## Exercise aim
Could you write out, exactly, every line from the top of the data through the line holding "- Public Key: Paste"? Omit the pictures.

## Information provided

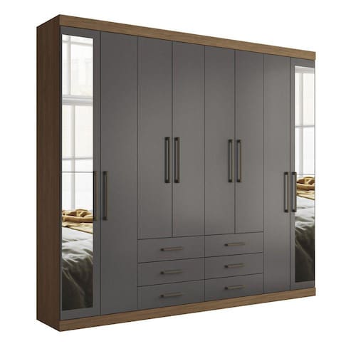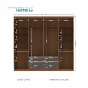 Guarda Roupa Casal 8 Portas 6 Gavetas c/ espelho Havana Master Santos Andirá Um guarda-roupa completo! Com muito espaço para todas as suas roupas. Com 06 amplas gavetas que além de espaçosas, deslizam sobre corrediças metálicas, facilitando o abrir e fechar de todos os dias. Possui espaço interno privilegiado com 04 cabideiros/calceiros em alumínio, para pendurar as roupas com organização e qualidade, puxadores em ABS, deixando o produto muito moderno, e 10 amplas prateleiras para guardar as roupas que precisam ser dobradas. Características:08 Portas com dobradiças metálicas 10 Prateleiras 04 cabideiros em alumínio 06 Gavetas com corrediças metálicas Amplo maleiro Puxadores em ABS Dimensões:Altura: 217,6cmLargura: 238,8 cmProfundidade: 46,3 cmPeso: 145,00Kg Medidas da gaveta: Altura: 10,1 cm Largura: 53,3 cm Profundidade: 35 cm Manutenção: Não limpar com álcool ou qualquer outro produto químico, utilize somente pano seco ou levemente umedecido.Garantia de Fábrica: 03 Meses (90 dias)
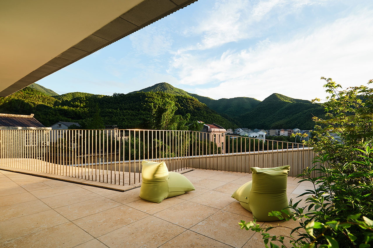 二楼斜墙较矮的那一角,三楼的楼板正好露出来,我们将楼板做了一个曲线的形状,让其和二楼完全脱开,有种漂浮感。而较高的那一角,变成了三层露台的栏杆。整个三楼加上了比较缓的单坡屋顶,呼应立面上的斜墙元素。特别在北立面上保持横向的完整性,而在南立面则断成两个小房子,尺度缩小,更有一种“家”的原型感。西侧做了一个很深的挑檐,一方面应对西晒,另一方面提供了舒适的檐下空间,在大露台上可以眺望远山。
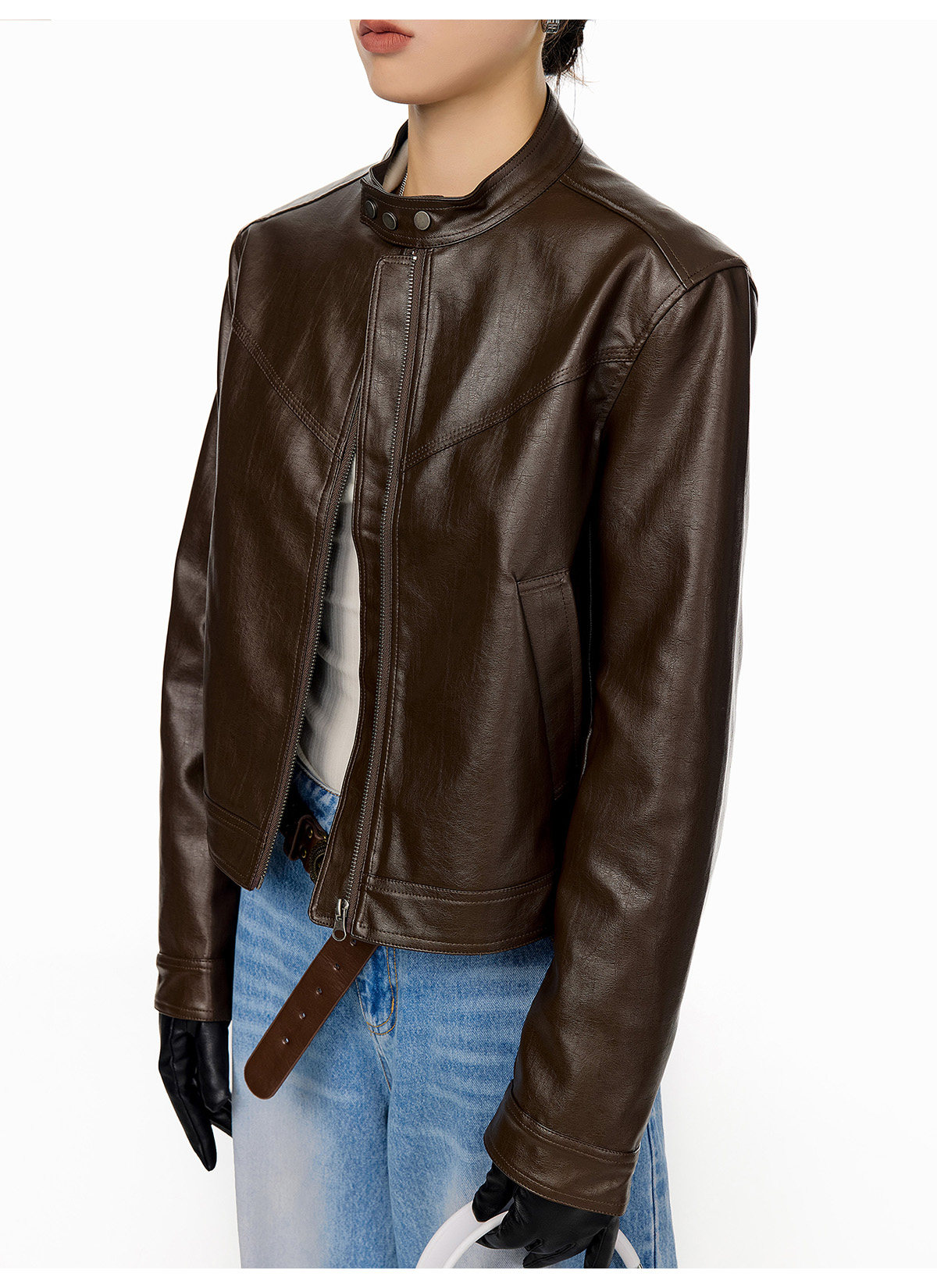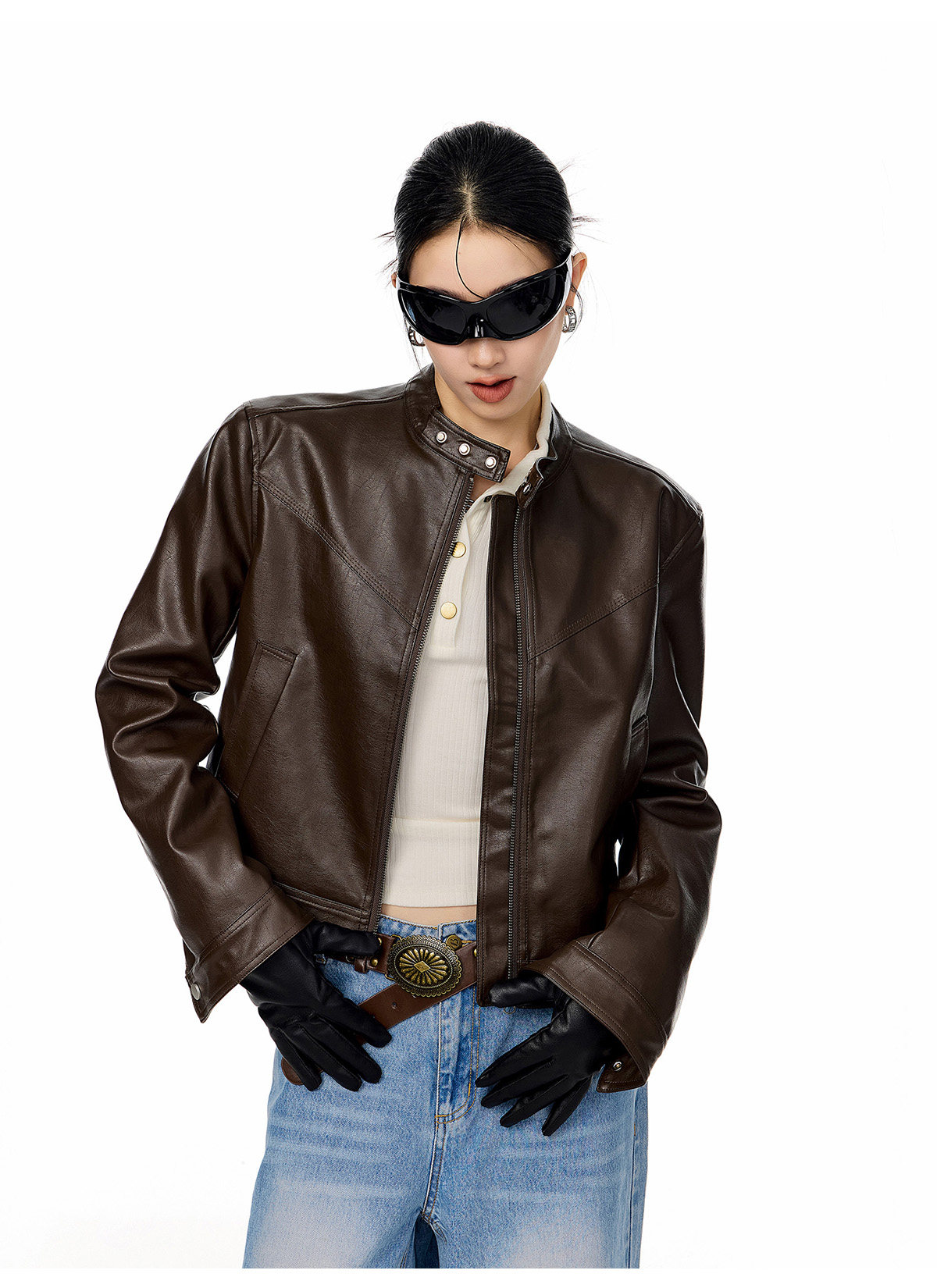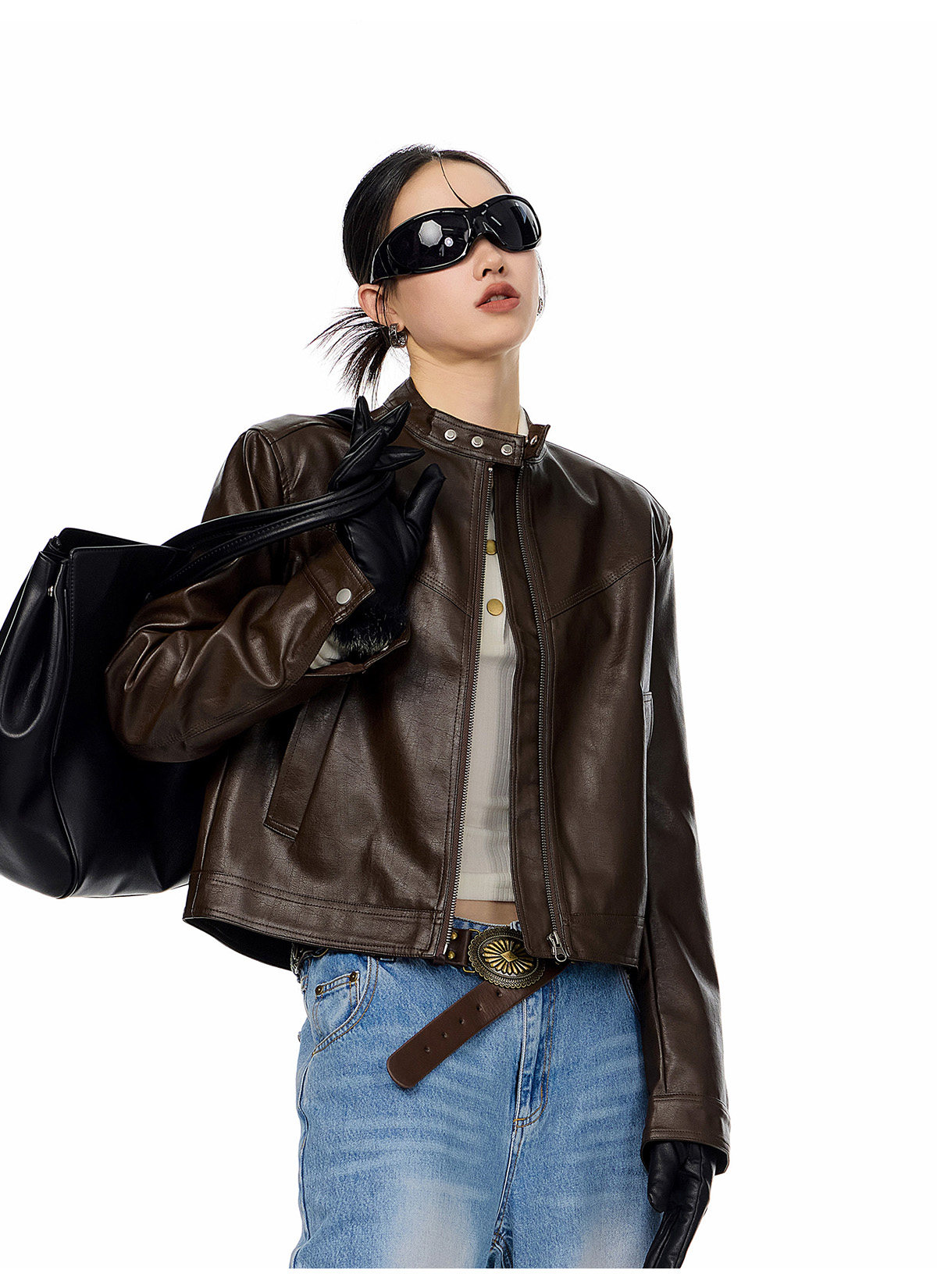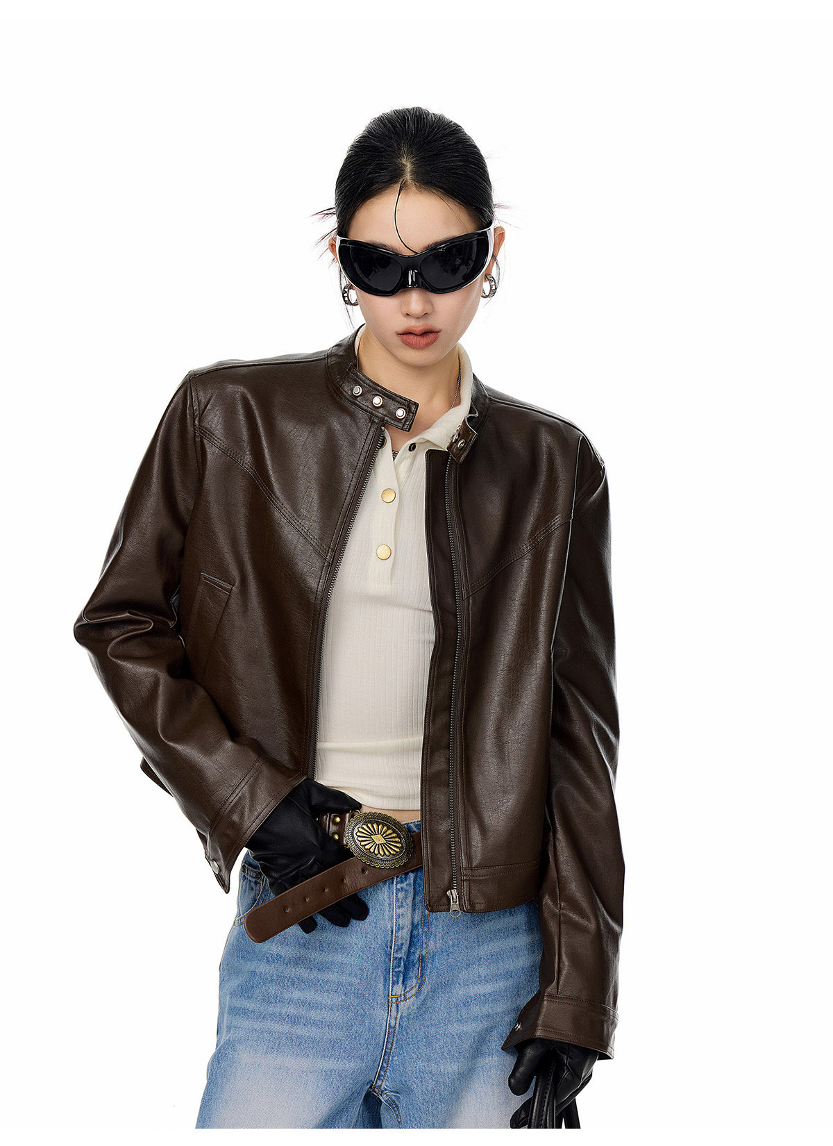 Ich Mode American Retro Brown Stand-Up Collar Leather Jacket for Women, New Spring Motorcycle Leather Jacket Short Top
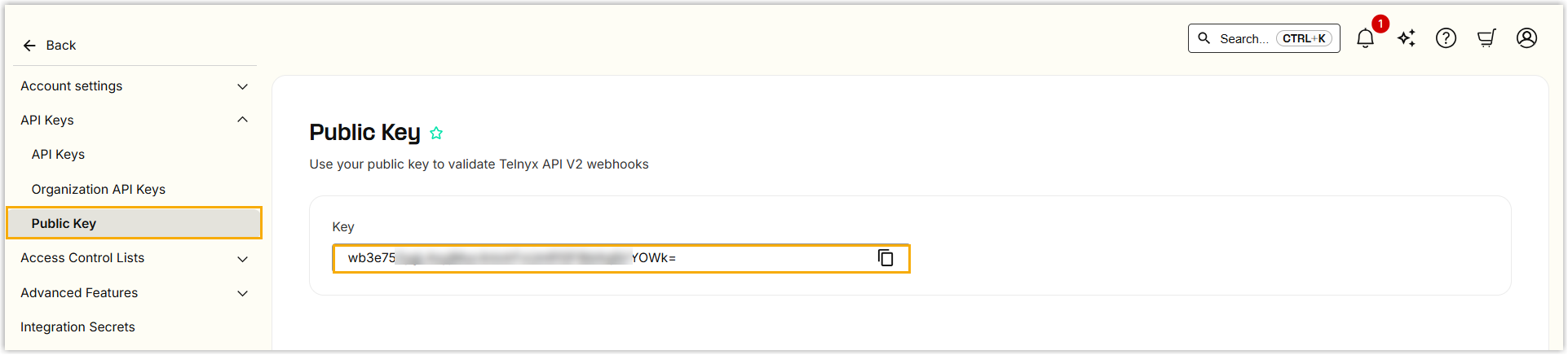 - Public Key: Paste the Public Key obtained from Telnyx.
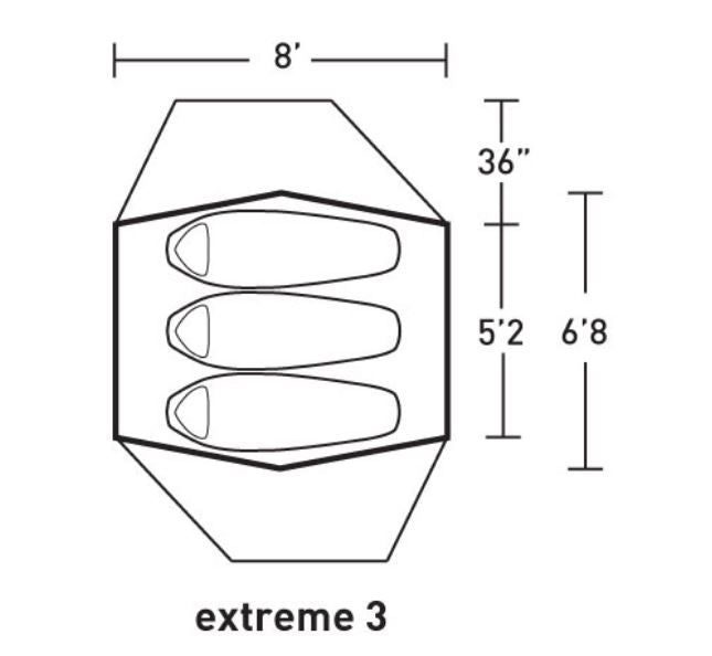 The Extreme is a free standing aluminum pole tent, with a configuration that is extremely strong and sturdy. The 3-pole design gives you more "framework" to combat Mother Nature when she decides to send you a little stronger storm than normal. Assembly is easy with pole clips that quickly snap over the tent poles. The polyester fly and floor are urethane coated, with factory sealed seams for maximum weatherproofness. A door on each side of the tent makes getting in and out of the tent easy. You also get two large vestibules that you can use for extra gear storage. The vestibules also serve as automatic guy-out points when the weather gets a little nasty. The fly buckles to the tent, offering a much more secure attachment when compared to elastic cord. Extra large #8 zippers on the doors and vestibules add to the durability. Mesh roof vents increase ventilation and improve star gazing.

## Solution to this task
 Guarda Roupa Casal 8 Portas 6 Gavetas c/ espelho Havana Master Santos Andirá Um guarda-roupa completo! Com muito espaço para todas as suas roupas. Com 06 amplas gavetas que além de espaçosas, deslizam sobre corrediças metálicas, facilitando o abrir e fechar de todos os dias. Possui espaço interno privilegiado com 04 cabideiros/calceiros em alumínio, para pendurar as roupas com organização e qualidade, puxadores em ABS, deixando o produto muito moderno, e 10 amplas prateleiras para guardar as roupas que precisam ser dobradas. Características:08 Portas com dobradiças metálicas 10 Prateleiras 04 cabideiros em alumínio 06 Gavetas com corrediças metálicas Amplo maleiro Puxadores em ABS Dimensões:Altura: 217,6cmLargura: 238,8 cmProfundidade: 46,3 cmPeso: 145,00Kg Medidas da gaveta: Altura: 10,1 cm Largura: 53,3 cm Profundidade: 35 cm Manutenção: Não limpar com álcool ou qualquer outro produto químico, utilize somente pano seco ou levemente umedecido.Garantia de Fábrica: 03 Meses (90 dias)
 二楼斜墙较矮的那一角,三楼的楼板正好露出来,我们将楼板做了一个曲线的形状,让其和二楼完全脱开,有种漂浮感。而较高的那一角,变成了三层露台的栏杆。整个三楼加上了比较缓的单坡屋顶,呼应立面上的斜墙元素。特别在北立面上保持横向的完整性,而在南立面则断成两个小房子,尺度缩小,更有一种“家”的原型感。西侧做了一个很深的挑檐,一方面应对西晒,另一方面提供了舒适的檐下空间,在大露台上可以眺望远山。
 Ich Mode American Retro Brown Stand-Up Collar Leather Jacket for Women, New Spring Motorcycle Leather Jacket Short Top
 - Public Key: Paste the Public Key obtained from Telnyx.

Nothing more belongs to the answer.